A rock is a rock is … art?

I’m in the wrong damn business. You’re probably in the wrong damn business. Unless you’re Michael Heizer, we’re all in the wrong damn business.

Why is Michael Heizer so special? Got me. Oh, he’s an artist, a sculptor. Of sorts. His latest creation is called Levitated Mass. It’s on the campus of the Los Angeles County Museum of Art.

Did I say “creation”? Sorry, poor choice of words. It’s more correctly described as an “installation”. It consists of a 340-ton boulder affixed above a concrete trench through which visitors may walk.

Why the heck did Michelangelo waste time carving a marble chunk to make David?

Feast your eyes on that for a minute. Captivating, ain’t it? Ought to be … for a reported $10 million pricetag, it should do at least that. All the while dancing a jig and whistling Dixie, backwards.

Now, before you begin to wonder aloud how is it that Los Angeles County could pay for this “art” work, when it’s doubtful the entire state of California can scrape together $10 million in spare change, the bill was paid entirely by private donations.

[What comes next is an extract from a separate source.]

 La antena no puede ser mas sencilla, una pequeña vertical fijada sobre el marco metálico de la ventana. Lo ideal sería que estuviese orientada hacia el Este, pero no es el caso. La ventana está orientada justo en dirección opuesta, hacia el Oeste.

Which illustrates yet another difference between people like you and me, and the rich: They will pay a lot of money for a rock. You and I don’t have that kind of money … nor possess that much stupidity.

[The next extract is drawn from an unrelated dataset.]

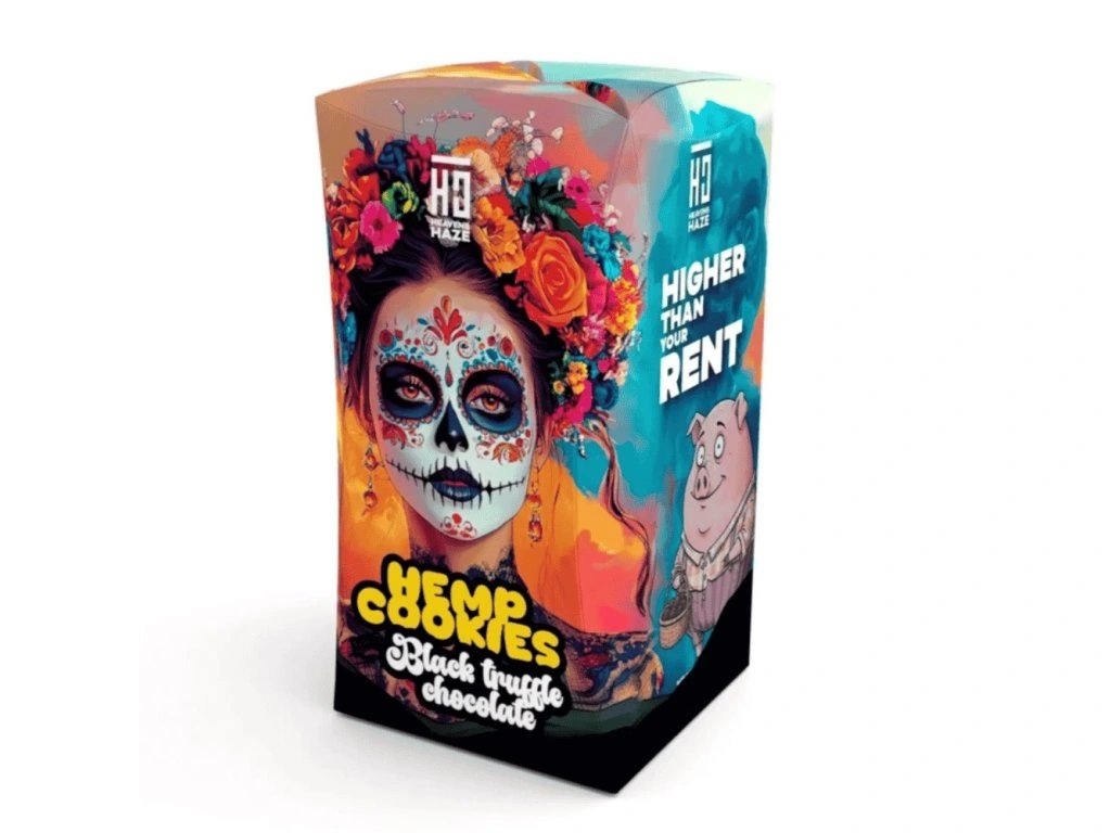Heavens Haze Hemp Cookies Black Truffle Chocolate 100 g – ahol a luxus találkozik a hagyománnyal és a kendermagokkal. Élvezze a prémium mézeskalács, mandula és kenderes ízkombinációt!

There are some advantages to being poor.

But if that’s the way of the world – well, no sense in fighting it. We might as well work it to our advantage, correct?

So, if there are any rich people out there who think it’s downright over-the-top extravagant to pay $10 million for a big rock on top of a concrete ditch, but still wish you could possess some true art, have I got good news for you. Not only have I got some art, but you can own it and still have millions left in your wallets.

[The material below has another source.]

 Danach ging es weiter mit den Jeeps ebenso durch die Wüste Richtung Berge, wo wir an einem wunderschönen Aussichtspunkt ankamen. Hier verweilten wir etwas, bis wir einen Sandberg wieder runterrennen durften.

Mounditated Mass – $100,000

There is dirt and there is dirt, but this is … dirt. Just imagine this pile, dug from the very center of Ye Olde New England and artistically arranged by a native Nutmegger as only a Ye Olde Nutmegger can pile, in the front yard of your manse. Yes, your neighbors will be more than envious of your obvious creative eye. And just beside themselves as well once you mention that not only did Gen. George Washington sleep on this Revolutionary War-era dirt, but his horse probably plopped on it too.

 UnMounditated UnMass – $50,000

Hey, if you decide to own the Mounditated Mass – why not display the hole it came from? And for a dirt-cheap price, even. A perfect artistic set, no?

Leaveitated Mass – $25,000

If you’ve seen the movie, “Monty Python’s The Holy Grail”, there’s no need to explain to you the artistic aura that emanates from the beauty of one of the most desired natural artworks of the world … the shubbery. Why, its allure harkens back to the times of Camelot. So, you too must be of truly royal artistic stock, of course. Of King Arthur’s creed, I presume? And now, for a measly $25,000 you too can own what was so demanded by the Knights Who Say Ecky-ecky-ecky-ecky-pikang-zoom-boing-mumble-mumble, formerly known as the Knights Who Say Nee!

Gee, all of this artworking is not only potentially lucrative, it’s transforming. Anybody know where I can get a French beret cheap?


9 thoughts on “A rock is a rock is … art?

  1. It’s genius when you can get someone to pay you that much money for big rock, and for creating a public hazzard. I wonder what it would be worth, if I iced down the sidewalk in front of my house, with a garden hose next winter.

    • Too, too true. Not sure which emotion I feel more toward someone who gets away with something like this – anger or jealousy. Now, on your idea. I believe that’s called “performance art”. That’s BIG bucks.

  2. So funny! It truly amazes me what people will pay for, especially while I sit here wondering if I should go with those ridiculously priced apples at my local grocery store or the apple sauce in the can. Dilemmas…poverty…sadness!

    • Thanks for the feedback. As for the rich and their issues, just goes to show that having a lot of money doesn’t mean you also have a lot of common sense.